── Data shown

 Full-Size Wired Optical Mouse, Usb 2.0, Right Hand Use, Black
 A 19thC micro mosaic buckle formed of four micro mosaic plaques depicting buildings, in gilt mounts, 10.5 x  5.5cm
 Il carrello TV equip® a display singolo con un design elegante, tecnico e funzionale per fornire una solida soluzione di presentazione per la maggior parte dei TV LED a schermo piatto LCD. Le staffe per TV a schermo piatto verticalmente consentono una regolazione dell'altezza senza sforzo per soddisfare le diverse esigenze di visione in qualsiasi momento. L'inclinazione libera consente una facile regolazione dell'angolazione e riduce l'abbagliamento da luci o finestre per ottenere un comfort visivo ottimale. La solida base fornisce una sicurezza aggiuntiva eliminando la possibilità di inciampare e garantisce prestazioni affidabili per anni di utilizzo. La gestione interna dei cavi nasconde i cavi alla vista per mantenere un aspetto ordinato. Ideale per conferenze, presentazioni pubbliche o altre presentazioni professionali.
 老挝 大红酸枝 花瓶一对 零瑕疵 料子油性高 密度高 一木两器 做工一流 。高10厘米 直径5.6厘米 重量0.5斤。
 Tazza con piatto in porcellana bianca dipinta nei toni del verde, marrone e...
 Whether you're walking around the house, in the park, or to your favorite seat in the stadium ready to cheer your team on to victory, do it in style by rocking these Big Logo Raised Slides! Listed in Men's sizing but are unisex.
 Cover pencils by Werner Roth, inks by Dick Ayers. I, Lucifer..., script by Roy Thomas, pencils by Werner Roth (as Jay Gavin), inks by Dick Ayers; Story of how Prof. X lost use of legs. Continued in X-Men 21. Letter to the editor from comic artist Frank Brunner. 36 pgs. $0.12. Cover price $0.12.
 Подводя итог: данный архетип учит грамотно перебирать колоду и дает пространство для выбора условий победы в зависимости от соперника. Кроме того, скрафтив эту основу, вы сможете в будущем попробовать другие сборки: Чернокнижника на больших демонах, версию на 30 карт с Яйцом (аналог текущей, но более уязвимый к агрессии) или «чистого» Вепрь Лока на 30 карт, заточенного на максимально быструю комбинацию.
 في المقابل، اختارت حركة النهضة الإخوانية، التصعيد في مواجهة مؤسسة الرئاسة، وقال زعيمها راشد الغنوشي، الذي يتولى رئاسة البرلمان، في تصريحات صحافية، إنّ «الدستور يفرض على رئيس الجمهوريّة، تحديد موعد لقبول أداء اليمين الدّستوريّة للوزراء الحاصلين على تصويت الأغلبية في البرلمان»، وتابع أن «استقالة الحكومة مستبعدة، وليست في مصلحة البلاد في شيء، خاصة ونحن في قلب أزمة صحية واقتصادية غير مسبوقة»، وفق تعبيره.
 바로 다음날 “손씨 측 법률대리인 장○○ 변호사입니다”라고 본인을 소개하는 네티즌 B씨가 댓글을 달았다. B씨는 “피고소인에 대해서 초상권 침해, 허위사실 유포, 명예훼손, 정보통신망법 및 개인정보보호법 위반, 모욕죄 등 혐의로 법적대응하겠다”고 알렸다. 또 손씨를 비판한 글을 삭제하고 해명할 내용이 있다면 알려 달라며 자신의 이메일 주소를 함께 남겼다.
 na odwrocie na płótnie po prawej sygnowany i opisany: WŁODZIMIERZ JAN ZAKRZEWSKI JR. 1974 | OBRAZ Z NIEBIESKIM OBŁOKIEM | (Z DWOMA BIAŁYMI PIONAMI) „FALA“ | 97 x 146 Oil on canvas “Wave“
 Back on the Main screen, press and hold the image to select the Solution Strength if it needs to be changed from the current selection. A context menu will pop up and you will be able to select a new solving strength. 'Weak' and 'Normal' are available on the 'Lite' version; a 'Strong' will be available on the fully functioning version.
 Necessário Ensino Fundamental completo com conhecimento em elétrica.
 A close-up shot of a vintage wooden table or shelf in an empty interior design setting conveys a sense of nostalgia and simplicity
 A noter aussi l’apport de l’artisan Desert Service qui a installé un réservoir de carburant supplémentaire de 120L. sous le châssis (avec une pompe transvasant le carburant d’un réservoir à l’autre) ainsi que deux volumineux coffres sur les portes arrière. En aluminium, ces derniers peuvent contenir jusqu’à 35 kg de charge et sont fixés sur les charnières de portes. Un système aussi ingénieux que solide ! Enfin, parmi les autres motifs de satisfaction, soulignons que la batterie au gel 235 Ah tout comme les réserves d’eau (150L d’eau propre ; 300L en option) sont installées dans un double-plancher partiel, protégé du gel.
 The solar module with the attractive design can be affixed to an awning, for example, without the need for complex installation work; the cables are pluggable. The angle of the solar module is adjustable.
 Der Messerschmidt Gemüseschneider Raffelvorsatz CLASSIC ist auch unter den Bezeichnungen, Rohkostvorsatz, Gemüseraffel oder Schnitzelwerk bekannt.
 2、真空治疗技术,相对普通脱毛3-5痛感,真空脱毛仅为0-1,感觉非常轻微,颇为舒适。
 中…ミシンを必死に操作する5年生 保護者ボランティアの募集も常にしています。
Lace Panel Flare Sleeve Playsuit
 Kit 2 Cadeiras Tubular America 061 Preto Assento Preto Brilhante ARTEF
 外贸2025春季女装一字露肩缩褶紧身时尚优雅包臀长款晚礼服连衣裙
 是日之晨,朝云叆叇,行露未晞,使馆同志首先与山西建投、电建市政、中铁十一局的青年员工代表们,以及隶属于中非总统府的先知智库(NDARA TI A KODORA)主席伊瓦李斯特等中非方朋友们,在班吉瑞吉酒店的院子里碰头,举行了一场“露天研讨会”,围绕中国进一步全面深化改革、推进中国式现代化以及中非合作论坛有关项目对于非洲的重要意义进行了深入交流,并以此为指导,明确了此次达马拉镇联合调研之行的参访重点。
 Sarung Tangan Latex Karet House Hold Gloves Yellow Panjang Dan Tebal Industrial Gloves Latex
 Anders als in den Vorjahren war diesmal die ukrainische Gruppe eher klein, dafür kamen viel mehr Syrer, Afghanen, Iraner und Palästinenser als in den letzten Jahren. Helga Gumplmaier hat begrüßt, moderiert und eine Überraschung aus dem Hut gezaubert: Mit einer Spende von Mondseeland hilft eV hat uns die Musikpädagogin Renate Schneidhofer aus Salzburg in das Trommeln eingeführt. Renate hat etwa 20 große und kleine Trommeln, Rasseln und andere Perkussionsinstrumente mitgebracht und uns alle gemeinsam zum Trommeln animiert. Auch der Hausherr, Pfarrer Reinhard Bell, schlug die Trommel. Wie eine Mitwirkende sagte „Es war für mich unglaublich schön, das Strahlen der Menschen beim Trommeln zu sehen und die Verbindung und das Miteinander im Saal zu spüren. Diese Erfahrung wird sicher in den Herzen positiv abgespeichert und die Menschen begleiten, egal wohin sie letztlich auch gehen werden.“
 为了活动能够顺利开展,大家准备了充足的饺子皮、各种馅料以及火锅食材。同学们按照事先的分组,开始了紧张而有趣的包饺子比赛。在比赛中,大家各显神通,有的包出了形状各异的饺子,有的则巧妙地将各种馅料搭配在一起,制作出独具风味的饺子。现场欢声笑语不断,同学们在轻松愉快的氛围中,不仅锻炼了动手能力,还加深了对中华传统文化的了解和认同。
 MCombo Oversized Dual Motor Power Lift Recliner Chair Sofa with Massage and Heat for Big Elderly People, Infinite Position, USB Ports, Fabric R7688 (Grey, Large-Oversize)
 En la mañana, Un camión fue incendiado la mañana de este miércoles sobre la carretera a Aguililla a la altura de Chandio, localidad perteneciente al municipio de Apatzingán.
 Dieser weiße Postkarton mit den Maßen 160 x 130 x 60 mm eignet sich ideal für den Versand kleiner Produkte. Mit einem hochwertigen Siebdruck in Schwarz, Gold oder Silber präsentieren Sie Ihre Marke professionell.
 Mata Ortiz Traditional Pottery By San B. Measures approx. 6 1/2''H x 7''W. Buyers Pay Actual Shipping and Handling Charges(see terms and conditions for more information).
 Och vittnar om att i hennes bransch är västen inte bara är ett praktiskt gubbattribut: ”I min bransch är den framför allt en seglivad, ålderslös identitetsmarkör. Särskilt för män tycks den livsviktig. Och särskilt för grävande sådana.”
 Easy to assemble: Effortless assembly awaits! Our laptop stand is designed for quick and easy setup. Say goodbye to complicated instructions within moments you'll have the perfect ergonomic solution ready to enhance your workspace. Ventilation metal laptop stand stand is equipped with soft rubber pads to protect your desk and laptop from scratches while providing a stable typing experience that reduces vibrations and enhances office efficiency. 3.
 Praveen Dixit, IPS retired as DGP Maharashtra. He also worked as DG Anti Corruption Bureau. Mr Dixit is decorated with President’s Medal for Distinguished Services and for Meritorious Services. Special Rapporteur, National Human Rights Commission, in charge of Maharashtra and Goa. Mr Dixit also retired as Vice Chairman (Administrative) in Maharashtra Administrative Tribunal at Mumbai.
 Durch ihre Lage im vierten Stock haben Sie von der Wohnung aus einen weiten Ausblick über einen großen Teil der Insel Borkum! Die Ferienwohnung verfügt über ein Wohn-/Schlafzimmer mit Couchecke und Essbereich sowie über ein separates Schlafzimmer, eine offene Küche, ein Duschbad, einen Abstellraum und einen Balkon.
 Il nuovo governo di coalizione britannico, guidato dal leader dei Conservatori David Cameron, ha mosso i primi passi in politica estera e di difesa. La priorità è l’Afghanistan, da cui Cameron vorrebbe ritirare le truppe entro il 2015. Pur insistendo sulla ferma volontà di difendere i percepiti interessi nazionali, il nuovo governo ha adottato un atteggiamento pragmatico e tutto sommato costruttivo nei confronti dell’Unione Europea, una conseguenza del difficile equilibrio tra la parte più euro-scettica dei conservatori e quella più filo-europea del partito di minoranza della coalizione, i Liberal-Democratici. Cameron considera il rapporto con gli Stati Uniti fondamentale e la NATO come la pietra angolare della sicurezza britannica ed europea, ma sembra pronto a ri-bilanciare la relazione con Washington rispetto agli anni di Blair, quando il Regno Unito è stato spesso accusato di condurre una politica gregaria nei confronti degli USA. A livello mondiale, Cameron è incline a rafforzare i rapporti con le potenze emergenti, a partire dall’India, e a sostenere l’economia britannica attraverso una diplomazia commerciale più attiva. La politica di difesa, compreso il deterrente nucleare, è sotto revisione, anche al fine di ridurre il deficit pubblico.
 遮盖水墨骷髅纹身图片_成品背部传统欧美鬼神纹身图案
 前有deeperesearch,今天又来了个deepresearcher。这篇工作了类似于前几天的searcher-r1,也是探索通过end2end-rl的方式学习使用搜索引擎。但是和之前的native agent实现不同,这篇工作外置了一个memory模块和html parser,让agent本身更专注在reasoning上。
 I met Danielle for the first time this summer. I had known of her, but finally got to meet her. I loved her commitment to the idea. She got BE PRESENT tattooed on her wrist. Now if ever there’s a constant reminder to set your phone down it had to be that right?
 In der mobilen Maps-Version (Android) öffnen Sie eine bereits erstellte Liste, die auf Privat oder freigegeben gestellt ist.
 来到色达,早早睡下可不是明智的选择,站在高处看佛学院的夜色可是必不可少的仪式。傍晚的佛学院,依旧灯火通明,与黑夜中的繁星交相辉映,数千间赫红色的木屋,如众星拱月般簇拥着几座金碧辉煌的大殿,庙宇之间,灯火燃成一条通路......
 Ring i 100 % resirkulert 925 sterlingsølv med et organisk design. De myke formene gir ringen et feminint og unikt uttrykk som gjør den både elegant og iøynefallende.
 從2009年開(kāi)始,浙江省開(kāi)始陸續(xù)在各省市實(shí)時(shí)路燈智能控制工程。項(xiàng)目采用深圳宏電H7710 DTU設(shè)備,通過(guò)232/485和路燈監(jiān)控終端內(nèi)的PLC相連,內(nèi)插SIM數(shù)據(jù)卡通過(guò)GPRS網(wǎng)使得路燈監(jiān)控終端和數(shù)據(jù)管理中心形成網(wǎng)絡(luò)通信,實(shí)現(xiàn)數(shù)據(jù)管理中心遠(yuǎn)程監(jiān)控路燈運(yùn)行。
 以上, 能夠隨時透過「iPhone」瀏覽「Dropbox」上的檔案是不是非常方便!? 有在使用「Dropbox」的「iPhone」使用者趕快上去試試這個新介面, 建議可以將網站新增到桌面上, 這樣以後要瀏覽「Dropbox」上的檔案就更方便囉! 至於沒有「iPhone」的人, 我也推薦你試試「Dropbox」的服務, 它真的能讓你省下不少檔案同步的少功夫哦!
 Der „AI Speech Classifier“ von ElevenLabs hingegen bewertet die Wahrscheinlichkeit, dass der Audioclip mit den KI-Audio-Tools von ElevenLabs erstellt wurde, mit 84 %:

────

Work request: Write out, from the lines above, only those from the line with "주소를 함께 남겼다." to the line with "na odwrocie na", exactly as given, including the first and the last.

Output for this exercise:
 바로 다음날 “손씨 측 법률대리인 장○○ 변호사입니다”라고 본인을 소개하는 네티즌 B씨가 댓글을 달았다. B씨는 “피고소인에 대해서 초상권 침해, 허위사실 유포, 명예훼손, 정보통신망법 및 개인정보보호법 위반, 모욕죄 등 혐의로 법적대응하겠다”고 알렸다. 또 손씨를 비판한 글을 삭제하고 해명할 내용이 있다면 알려 달라며 자신의 이메일 주소를 함께 남겼다.
 na odwrocie na płótnie po prawej sygnowany i opisany: WŁODZIMIERZ JAN ZAKRZEWSKI JR. 1974 | OBRAZ Z NIEBIESKIM OBŁOKIEM | (Z DWOMA BIAŁYMI PIONAMI) „FALA“ | 97 x 146 Oil on canvas “Wave“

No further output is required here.